Use existing gradient computations in autograd function

I would like to do some gradient hacking on a linear layer. The most elegant way I found to do this is to write a new gradient function as follows:

def custom_grad(s1=1, s2=1):
    class Custom(Function):

        @staticmethod
        def forward(ctx, inputs, weights):
            ctx.save_for_backward(inputs, weights)

            outputs = inputs @ weights.t()
            return s1 * outputs

        @staticmethod
        def backward(ctx, grad_output):
            inputs, weights = ctx.saved_tensors
            grad_input = grad_output.clone()

            dx = grad_input @ weights
            dw = grad_input.unsqueeze(-1) @ inputs.unsqueeze(1)

            return s2 * dx, dw.sum(0)

    return Custom.apply

The problem with this approach, however, is that it is so extremely slow (it takes twice as long) due to the two matrix multiplications. I tried using something like dx, dw = torch.autograd.grad(outputs, [inputs, weights], grad_input) to speed things up, but for some reason outputs is a leaf variable and therefore does not allow gradients to flow through.

In the end, I only need to rescale some gradients, so it would be nice if I could just use the default autograd functionality, but it seems to be nearly impossible.

PS: I’m working with pytorch 0.4.0 for now

Hi,

You can use hooks for that.
Register a hook on the tensor whose gradient you want to scale, and return the scaled gradient.

I was hoping I could avoid the hooks, since it blurs the actual idea behind the gradient hacking. Seems like I don’t have much of a choice here then…

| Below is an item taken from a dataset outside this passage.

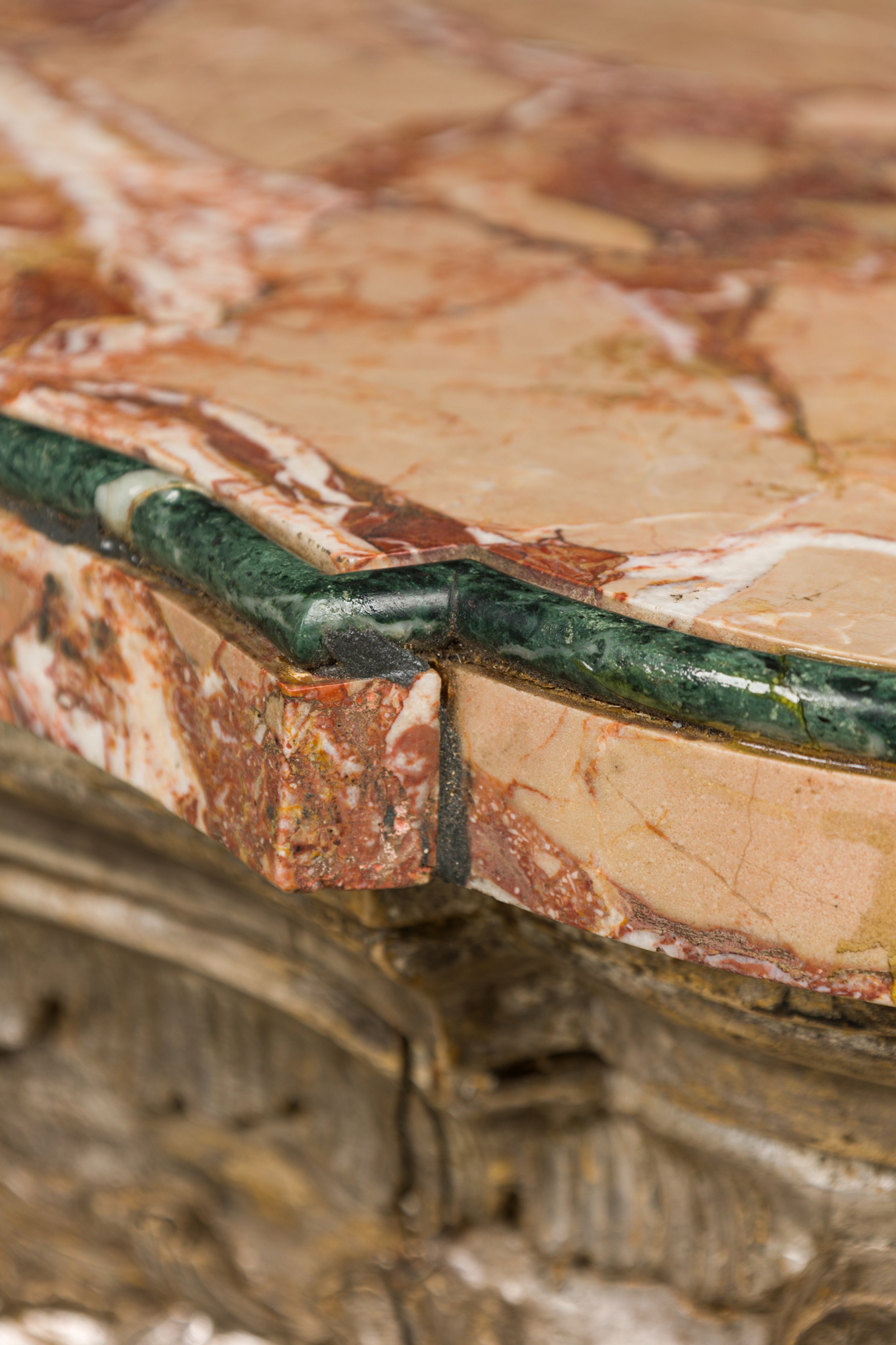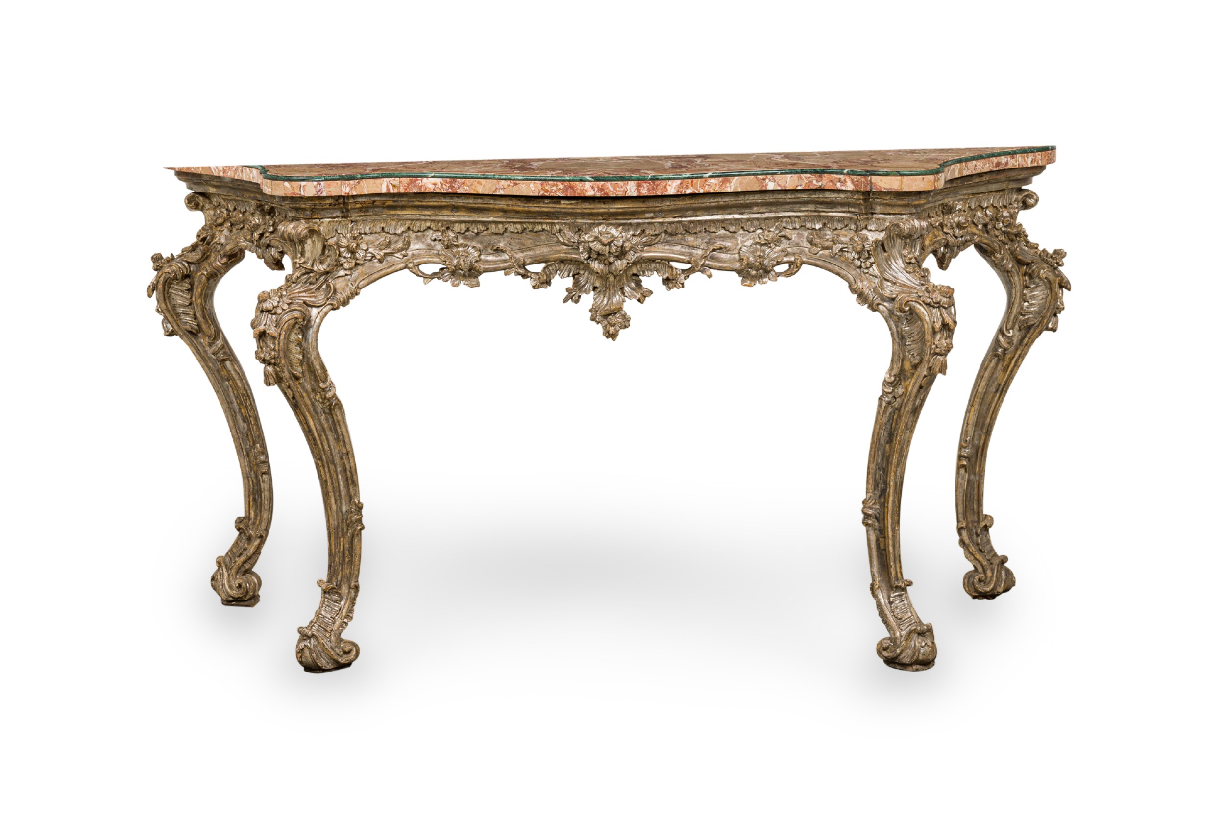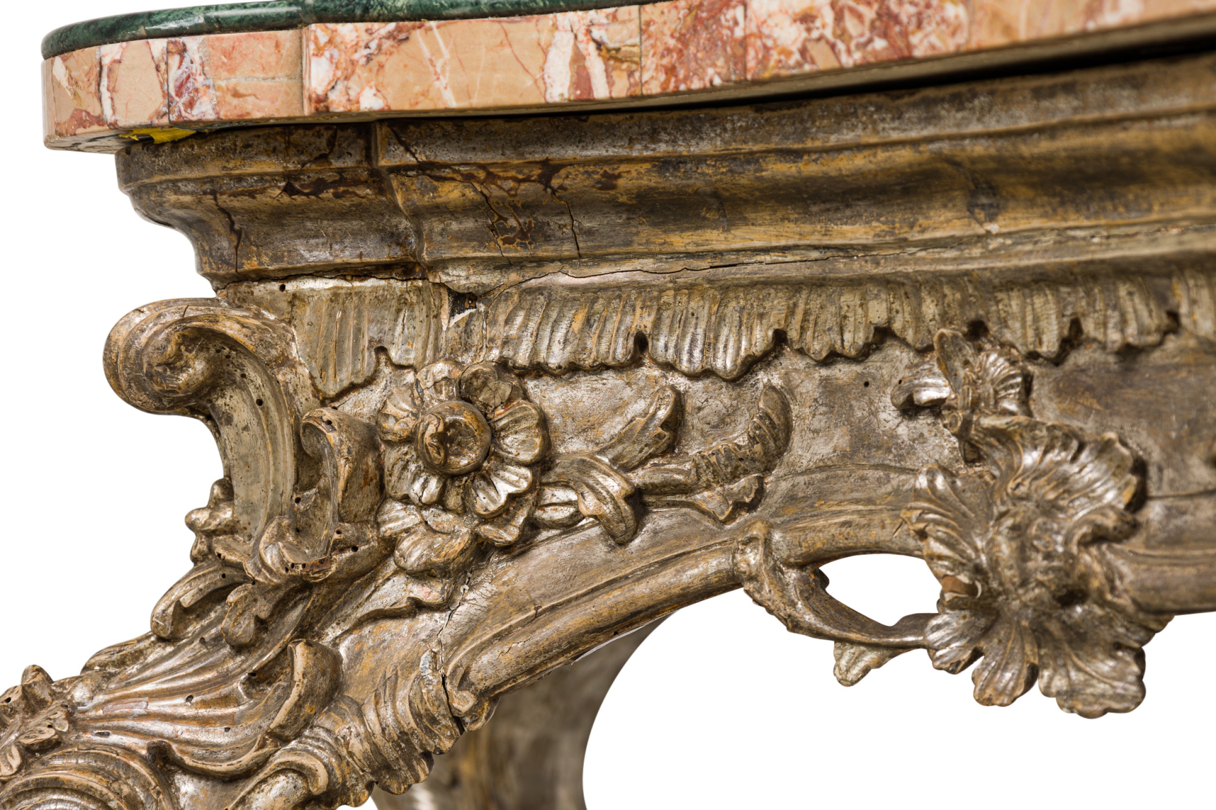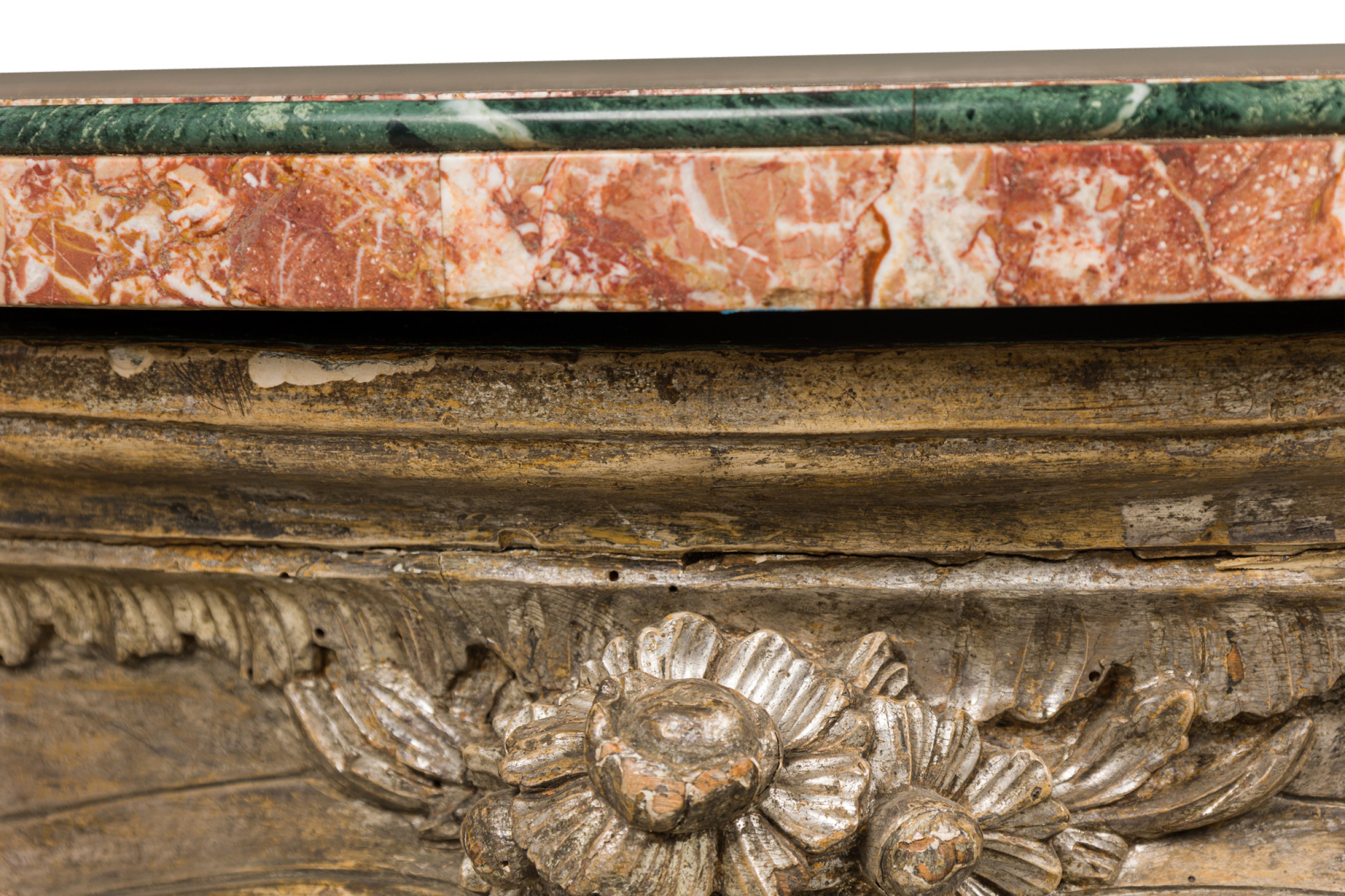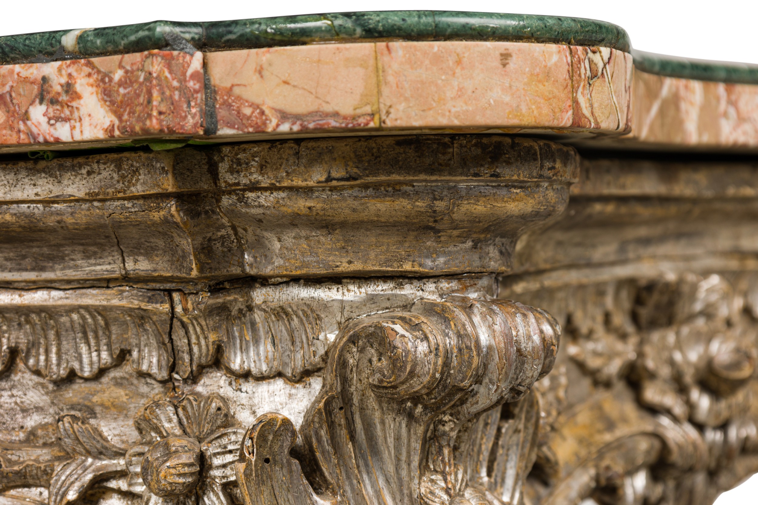 Italian Rococo Carved Silver Gilt and Blush and Green Marble Top Console Table

Well the hook are supposed to be the right way to do gradient hacking :wink:

@albanD Any ideas on how I can keep the effect of the gradient hacking local in a forward pass of a module?

def forward(self, x):
    raw = x @ self.weight.t()
    y = self.s1 * raw
    x.register_hook(lambda grad: grad * self.s2 / self.s1)
    return y

How can I prevent other gradients w.r.t. the tensor passed to x to be affected by this hook? I assume something like

h = x.register_hook(lambda grad: grad * self.s2 / self.s1)
h.remove()

would be something like a NO-OP.

Hi,

You can add x = x.clone() at the beginning of your forward function.

This seems to be working, thanks! The only issue is when the inputs do not require gradients (i.e. in the input layer). However, this can easily be resolved by using something like:

def forward(self, x):
    if x.requires_grad:
         x = x.clone()
         x.register_hook(lambda grad: grad * self.s2 / self.s1)

    raw = x @ self.weight.t()
    return self.s1 * raw